- **What this task involves**:
With images excluded, write out each entry below exactly as given.

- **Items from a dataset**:
———
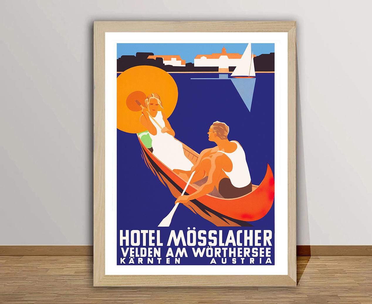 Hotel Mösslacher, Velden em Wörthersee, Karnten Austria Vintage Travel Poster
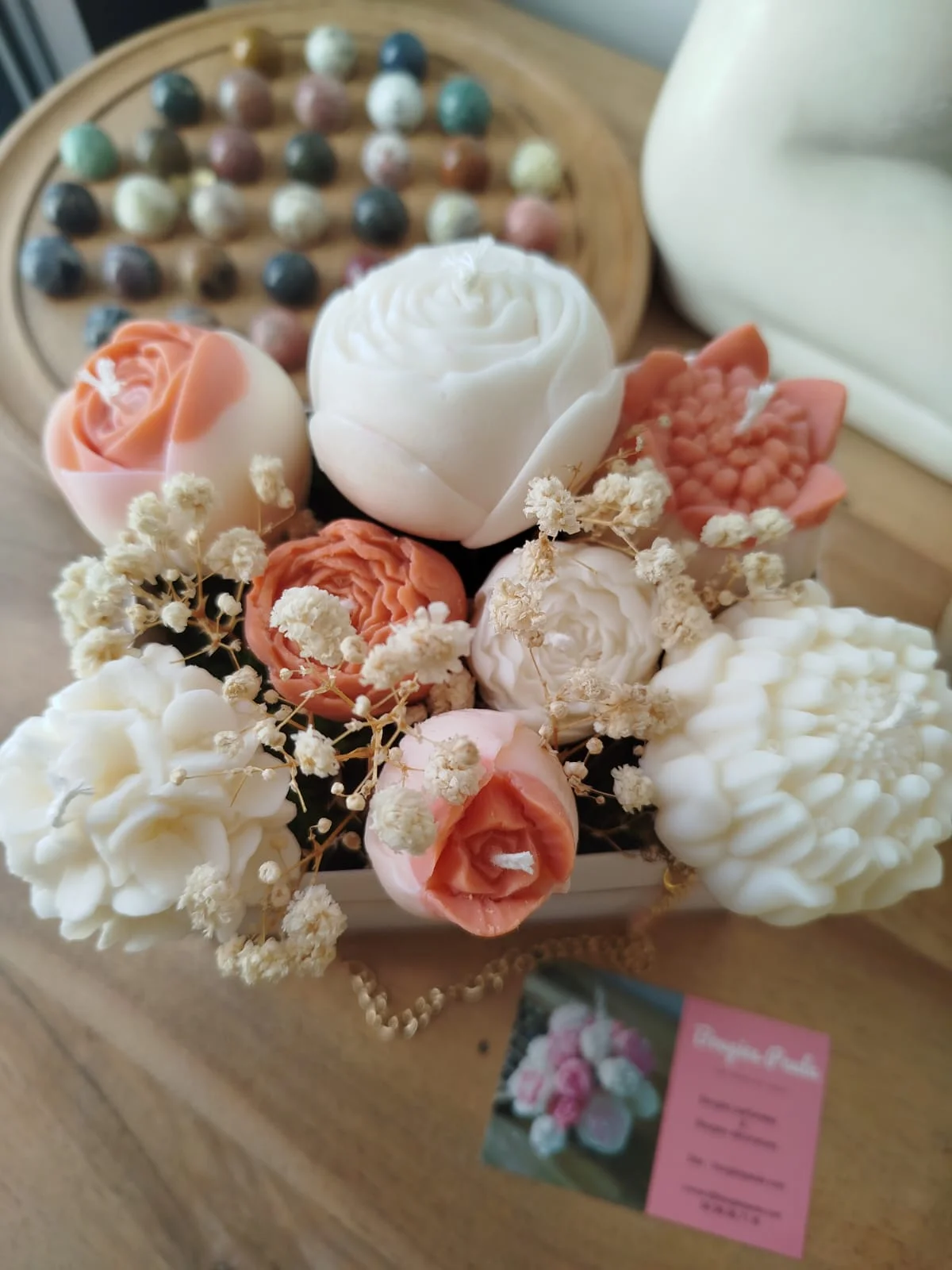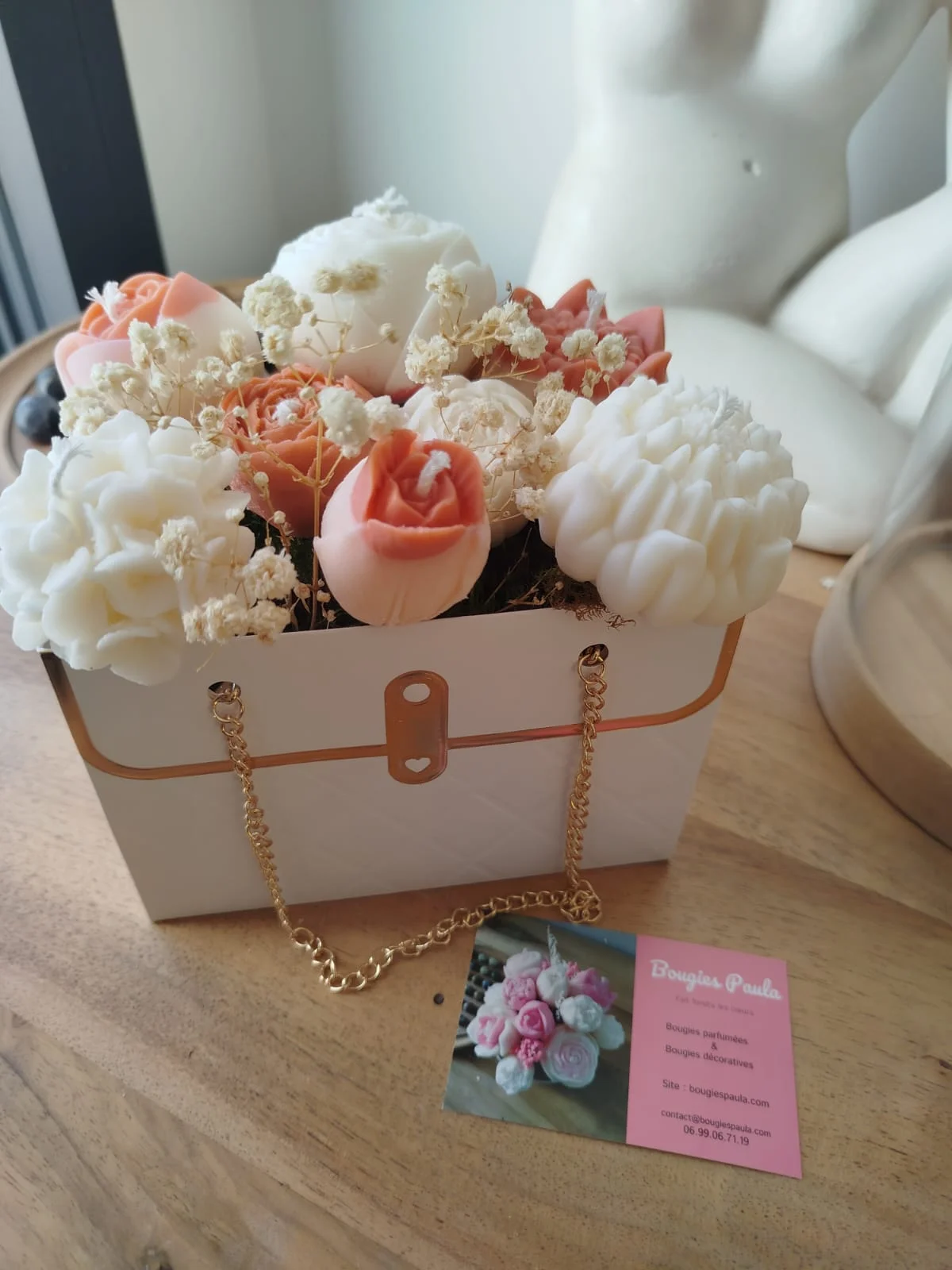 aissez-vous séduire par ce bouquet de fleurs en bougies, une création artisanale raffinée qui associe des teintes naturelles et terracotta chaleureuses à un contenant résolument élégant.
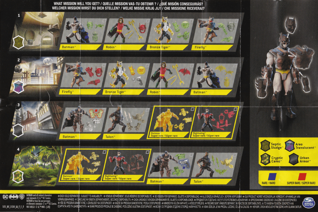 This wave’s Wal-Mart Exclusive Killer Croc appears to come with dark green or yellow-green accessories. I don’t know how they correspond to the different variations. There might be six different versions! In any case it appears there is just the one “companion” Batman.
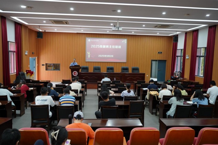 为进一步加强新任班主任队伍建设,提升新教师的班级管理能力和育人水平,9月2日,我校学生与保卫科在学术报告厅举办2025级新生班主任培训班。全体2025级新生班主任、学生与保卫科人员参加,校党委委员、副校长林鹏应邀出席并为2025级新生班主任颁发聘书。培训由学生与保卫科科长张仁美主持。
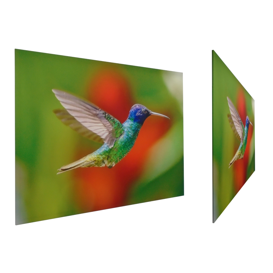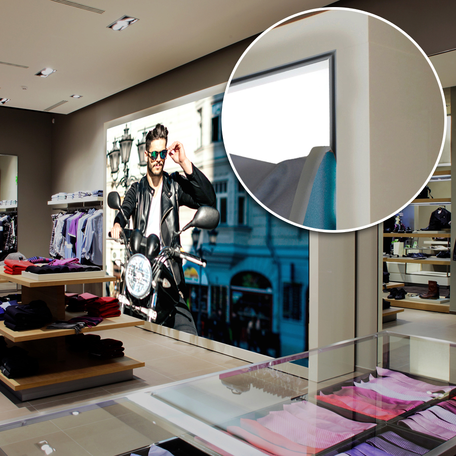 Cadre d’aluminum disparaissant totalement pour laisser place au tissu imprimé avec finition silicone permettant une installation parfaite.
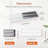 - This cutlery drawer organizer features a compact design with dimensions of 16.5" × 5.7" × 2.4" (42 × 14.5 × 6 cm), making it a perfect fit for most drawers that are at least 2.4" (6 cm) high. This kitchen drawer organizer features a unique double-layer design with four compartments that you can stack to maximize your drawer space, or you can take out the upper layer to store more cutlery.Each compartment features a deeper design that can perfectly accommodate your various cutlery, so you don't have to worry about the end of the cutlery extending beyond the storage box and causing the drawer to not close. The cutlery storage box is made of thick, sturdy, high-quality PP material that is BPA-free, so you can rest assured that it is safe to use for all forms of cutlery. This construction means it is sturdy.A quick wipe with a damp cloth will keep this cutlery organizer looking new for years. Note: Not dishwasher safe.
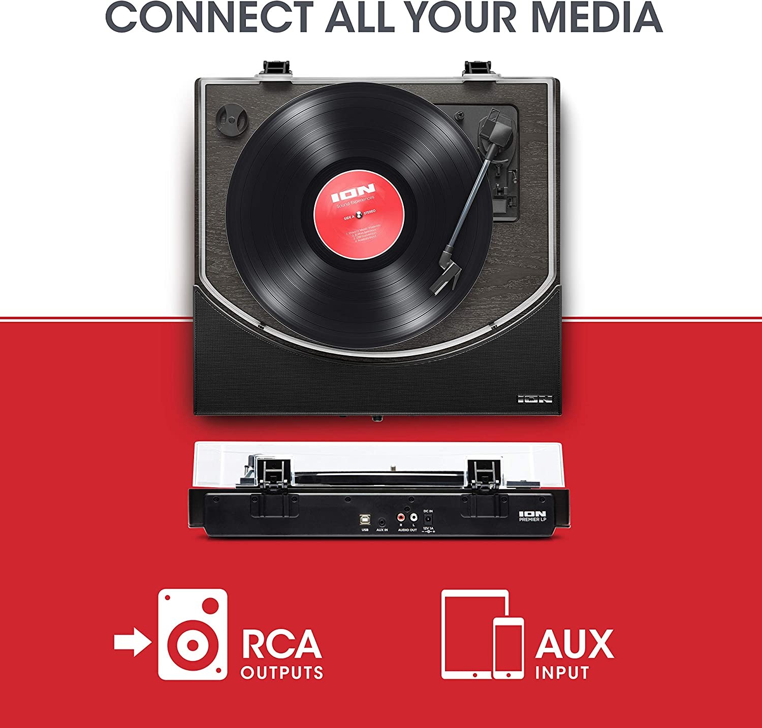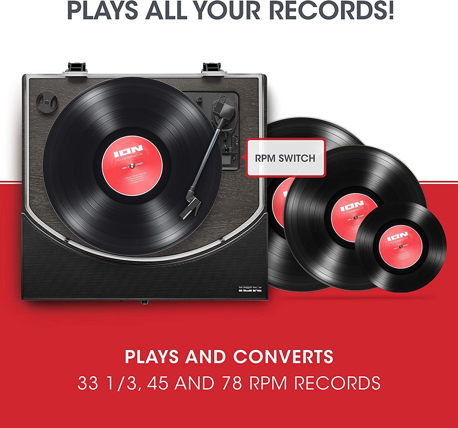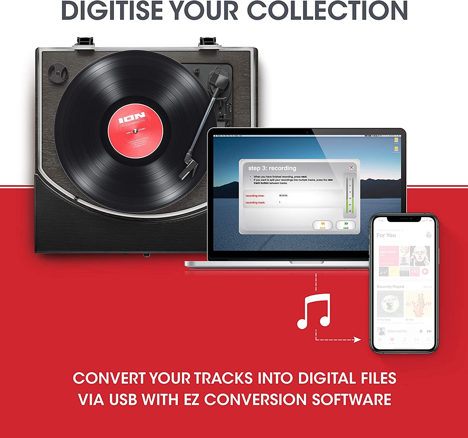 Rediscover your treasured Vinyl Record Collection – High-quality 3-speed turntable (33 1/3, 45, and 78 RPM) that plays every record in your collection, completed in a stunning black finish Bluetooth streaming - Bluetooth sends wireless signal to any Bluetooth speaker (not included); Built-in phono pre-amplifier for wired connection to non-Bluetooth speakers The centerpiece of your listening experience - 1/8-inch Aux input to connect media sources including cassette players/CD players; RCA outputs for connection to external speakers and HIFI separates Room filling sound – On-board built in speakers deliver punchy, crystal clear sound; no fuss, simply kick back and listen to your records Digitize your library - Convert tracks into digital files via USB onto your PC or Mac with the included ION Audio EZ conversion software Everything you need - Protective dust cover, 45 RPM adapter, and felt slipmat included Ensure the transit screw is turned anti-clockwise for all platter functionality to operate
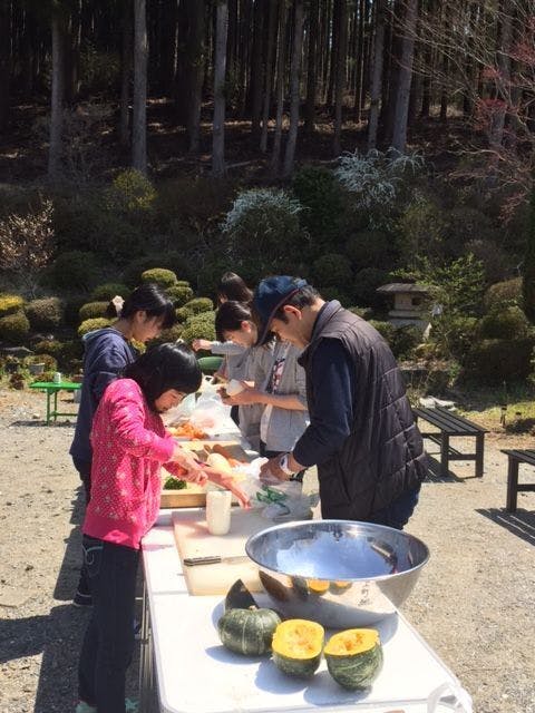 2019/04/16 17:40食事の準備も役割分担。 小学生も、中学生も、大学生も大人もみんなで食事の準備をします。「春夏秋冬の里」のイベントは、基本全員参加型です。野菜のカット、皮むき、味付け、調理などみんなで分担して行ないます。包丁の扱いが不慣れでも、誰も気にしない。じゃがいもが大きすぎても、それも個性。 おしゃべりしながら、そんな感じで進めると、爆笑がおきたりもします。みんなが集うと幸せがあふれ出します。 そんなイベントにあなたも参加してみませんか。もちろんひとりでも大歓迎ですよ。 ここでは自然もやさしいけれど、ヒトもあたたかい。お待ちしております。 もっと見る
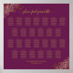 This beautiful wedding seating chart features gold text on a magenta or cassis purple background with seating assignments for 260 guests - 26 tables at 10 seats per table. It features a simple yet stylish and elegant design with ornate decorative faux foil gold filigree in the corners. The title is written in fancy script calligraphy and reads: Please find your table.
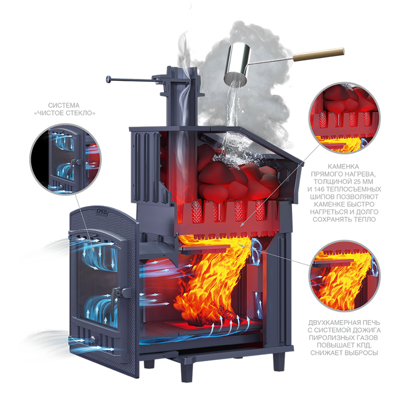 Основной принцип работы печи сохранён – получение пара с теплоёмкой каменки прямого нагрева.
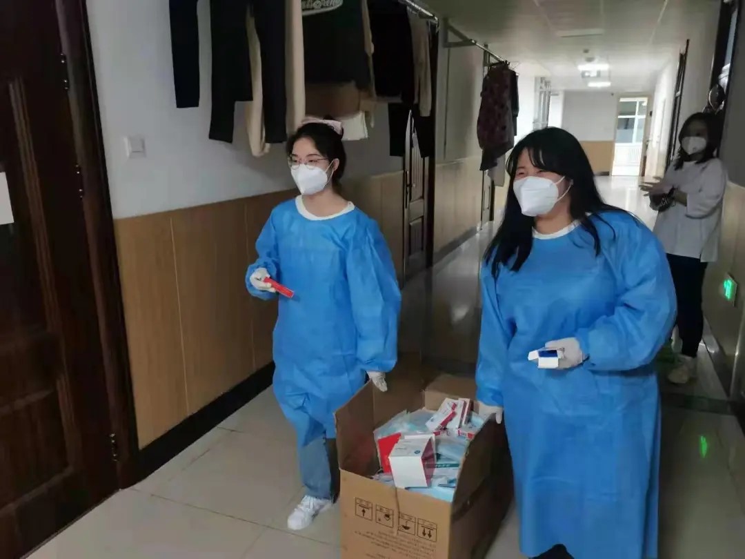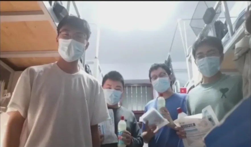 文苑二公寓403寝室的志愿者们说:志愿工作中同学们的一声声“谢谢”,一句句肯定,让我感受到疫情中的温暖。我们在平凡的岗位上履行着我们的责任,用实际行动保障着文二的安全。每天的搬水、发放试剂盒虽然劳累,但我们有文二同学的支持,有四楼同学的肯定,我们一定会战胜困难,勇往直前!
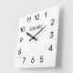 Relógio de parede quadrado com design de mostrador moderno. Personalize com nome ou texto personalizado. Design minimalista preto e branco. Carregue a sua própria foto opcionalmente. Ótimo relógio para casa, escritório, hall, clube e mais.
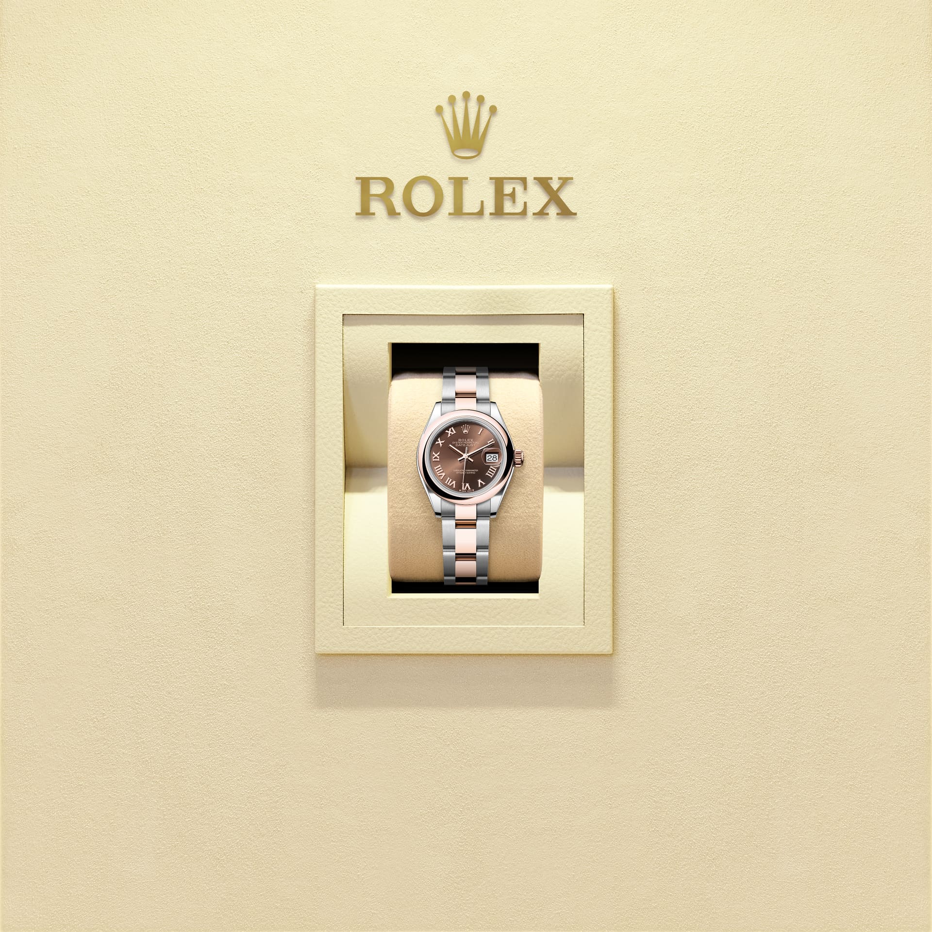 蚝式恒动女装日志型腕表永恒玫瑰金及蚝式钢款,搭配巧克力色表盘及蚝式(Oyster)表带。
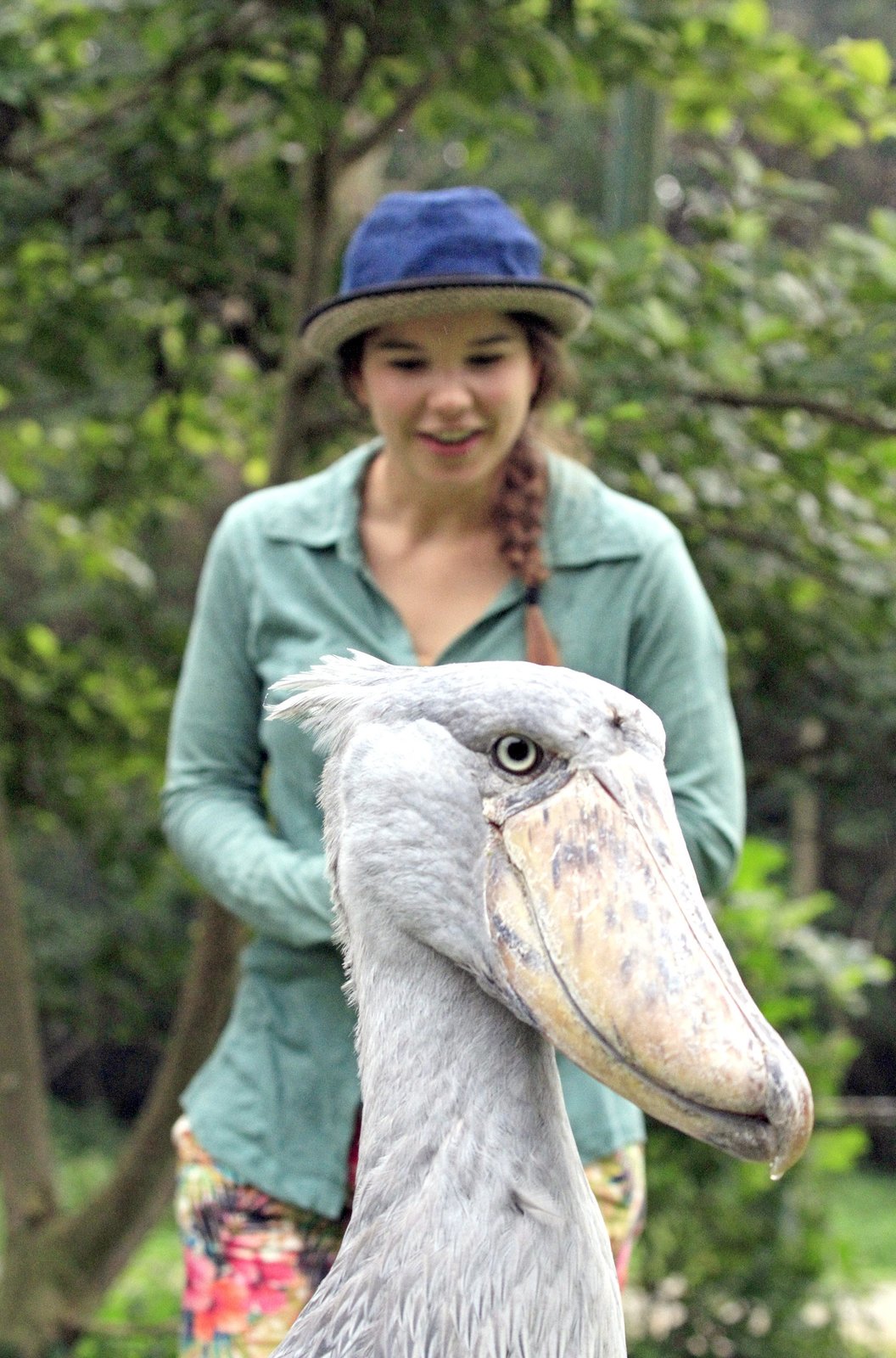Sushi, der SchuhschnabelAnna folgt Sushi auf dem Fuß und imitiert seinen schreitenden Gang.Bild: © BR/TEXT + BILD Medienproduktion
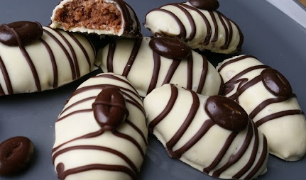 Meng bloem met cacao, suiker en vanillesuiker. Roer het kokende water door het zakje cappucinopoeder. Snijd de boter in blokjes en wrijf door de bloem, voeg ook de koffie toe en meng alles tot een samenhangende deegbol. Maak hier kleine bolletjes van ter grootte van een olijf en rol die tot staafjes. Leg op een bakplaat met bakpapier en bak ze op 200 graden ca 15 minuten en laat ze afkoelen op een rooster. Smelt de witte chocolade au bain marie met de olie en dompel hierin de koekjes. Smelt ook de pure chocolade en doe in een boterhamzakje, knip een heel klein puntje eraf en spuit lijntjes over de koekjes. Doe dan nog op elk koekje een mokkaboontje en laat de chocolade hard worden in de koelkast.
———
- **Expected answer**:
 Hotel Mösslacher, Velden em Wörthersee, Karnten Austria Vintage Travel Poster
 aissez-vous séduire par ce bouquet de fleurs en bougies, une création artisanale raffinée qui associe des teintes naturelles et terracotta chaleureuses à un contenant résolument élégant.
 This wave’s Wal-Mart Exclusive Killer Croc appears to come with dark green or yellow-green accessories. I don’t know how they correspond to the different variations. There might be six different versions! In any case it appears there is just the one “companion” Batman.
 为进一步加强新任班主任队伍建设,提升新教师的班级管理能力和育人水平,9月2日,我校学生与保卫科在学术报告厅举办2025级新生班主任培训班。全体2025级新生班主任、学生与保卫科人员参加,校党委委员、副校长林鹏应邀出席并为2025级新生班主任颁发聘书。培训由学生与保卫科科长张仁美主持。
 Cadre d’aluminum disparaissant totalement pour laisser place au tissu imprimé avec finition silicone permettant une installation parfaite.
 - This cutlery drawer organizer features a compact design with dimensions of 16.5" × 5.7" × 2.4" (42 × 14.5 × 6 cm), making it a perfect fit for most drawers that are at least 2.4" (6 cm) high. This kitchen drawer organizer features a unique double-layer design with four compartments that you can stack to maximize your drawer space, or you can take out the upper layer to store more cutlery.Each compartment features a deeper design that can perfectly accommodate your various cutlery, so you don't have to worry about the end of the cutlery extending beyond the storage box and causing the drawer to not close. The cutlery storage box is made of thick, sturdy, high-quality PP material that is BPA-free, so you can rest assured that it is safe to use for all forms of cutlery. This construction means it is sturdy.A quick wipe with a damp cloth will keep this cutlery organizer looking new for years. Note: Not dishwasher safe.
 Rediscover your treasured Vinyl Record Collection – High-quality 3-speed turntable (33 1/3, 45, and 78 RPM) that plays every record in your collection, completed in a stunning black finish Bluetooth streaming - Bluetooth sends wireless signal to any Bluetooth speaker (not included); Built-in phono pre-amplifier for wired connection to non-Bluetooth speakers The centerpiece of your listening experience - 1/8-inch Aux input to connect media sources including cassette players/CD players; RCA outputs for connection to external speakers and HIFI separates Room filling sound – On-board built in speakers deliver punchy, crystal clear sound; no fuss, simply kick back and listen to your records Digitize your library - Convert tracks into digital files via USB onto your PC or Mac with the included ION Audio EZ conversion software Everything you need - Protective dust cover, 45 RPM adapter, and felt slipmat included Ensure the transit screw is turned anti-clockwise for all platter functionality to operate
 2019/04/16 17:40食事の準備も役割分担。 小学生も、中学生も、大学生も大人もみんなで食事の準備をします。「春夏秋冬の里」のイベントは、基本全員参加型です。野菜のカット、皮むき、味付け、調理などみんなで分担して行ないます。包丁の扱いが不慣れでも、誰も気にしない。じゃがいもが大きすぎても、それも個性。 おしゃべりしながら、そんな感じで進めると、爆笑がおきたりもします。みんなが集うと幸せがあふれ出します。 そんなイベントにあなたも参加してみませんか。もちろんひとりでも大歓迎ですよ。 ここでは自然もやさしいけれど、ヒトもあたたかい。お待ちしております。 もっと見る
 This beautiful wedding seating chart features gold text on a magenta or cassis purple background with seating assignments for 260 guests - 26 tables at 10 seats per table. It features a simple yet stylish and elegant design with ornate decorative faux foil gold filigree in the corners. The title is written in fancy script calligraphy and reads: Please find your table.
 Основной принцип работы печи сохранён – получение пара с теплоёмкой каменки прямого нагрева.
 文苑二公寓403寝室的志愿者们说:志愿工作中同学们的一声声“谢谢”,一句句肯定,让我感受到疫情中的温暖。我们在平凡的岗位上履行着我们的责任,用实际行动保障着文二的安全。每天的搬水、发放试剂盒虽然劳累,但我们有文二同学的支持,有四楼同学的肯定,我们一定会战胜困难,勇往直前!
 Relógio de parede quadrado com design de mostrador moderno. Personalize com nome ou texto personalizado. Design minimalista preto e branco. Carregue a sua própria foto opcionalmente. Ótimo relógio para casa, escritório, hall, clube e mais.
 蚝式恒动女装日志型腕表永恒玫瑰金及蚝式钢款,搭配巧克力色表盘及蚝式(Oyster)表带。
Sushi, der SchuhschnabelAnna folgt Sushi auf dem Fuß und imitiert seinen schreitenden Gang.Bild: © BR/TEXT + BILD Medienproduktion
 Meng bloem met cacao, suiker en vanillesuiker. Roer het kokende water door het zakje cappucinopoeder. Snijd de boter in blokjes en wrijf door de bloem, voeg ook de koffie toe en meng alles tot een samenhangende deegbol. Maak hier kleine bolletjes van ter grootte van een olijf en rol die tot staafjes. Leg op een bakplaat met bakpapier en bak ze op 200 graden ca 15 minuten en laat ze afkoelen op een rooster. Smelt de witte chocolade au bain marie met de olie en dompel hierin de koekjes. Smelt ook de pure chocolade en doe in een boterhamzakje, knip een heel klein puntje eraf en spuit lijntjes over de koekjes. Doe dan nog op elk koekje een mokkaboontje en laat de chocolade hard worden in de koelkast.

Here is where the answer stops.